The Expanso crew has been out in the world again! This time, we attended the Big Data LDN conference in the beautiful borough of Kensington, London. We met loads of fascinating people and picked up valuable insights. We thought we’d take some time on the blog today to share what we got up to, the key things we learned, and what you can expect if you ever decide to check it out for yourself!
What is Big Data LDN all About?
Big Data LDN is, as you'd expect, a major event in London focused entirely on data. This free annual gathering brings together professionals from the data science, analytics, and MLOps communities, providing a space for experts to share best practices, network, and build relationships.
Since Bacalhau is all about Computing Over Data, it was a natural fit for Expanso to set up a booth and share everything we know about distributed data processing.
Expanso’s CEO, David Aronchick, has a knack for distilling the challenges people often face when working with data into three key categories:
There’s never going to be any less data than there is now. You need to build systems that can handle data as it continues to grow.

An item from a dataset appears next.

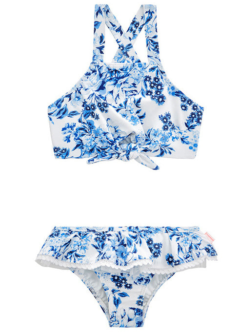 Simply gorgeous from Seafolly Little Girls Forget-me-not collection - the cutest new girl’s bikini – in a China Blue floral print. The bikini has a frilled skirt with a lace trim.

You’ll never beat the speed of light. You can increase bandwidth in a system, but that only goes so far in addressing latency. To truly scale up processing, you need to bring your compute closer to the data. This minimizes delays and allows for faster, more efficient data processing.
Society is never going to be less interested in protecting people’s data.
Privacy laws like GDPR and CCPA shape how we handle consumer data. They make security a necessity, especially when data crosses borders. These laws won’t get less stringent over time. So, we must secure the data and stay compliant without cutting corners or weakening the rules.
And if we learned anything from our conversations at Big Data LDN, it’s that so many people are looking for innovative, robust, and scalable solutions to help them process an ever-increasing volume of data - without breaking the bank or bending the rules.
Who Was There?
Big Data LDN is, as the name suggests, a BIG event. There were thousands of attendees and hundreds of exhibitors and speakers covering every aspect of data generation, storage, and analysis.
Over the course of two days, we spoke with countless people looking to solve the problems they’re having processing data at scale.
In amongst all those conversations, we also had the opportunity to attend some of the talks and workshops led by some of the brightest stars in the data science space. Some of those we enjoyed the most were:
The Headline Keynote Panel:
How often do you get to see three Gold Medal Olympians chatting about how they use data to achieve success at the highest levels of sport?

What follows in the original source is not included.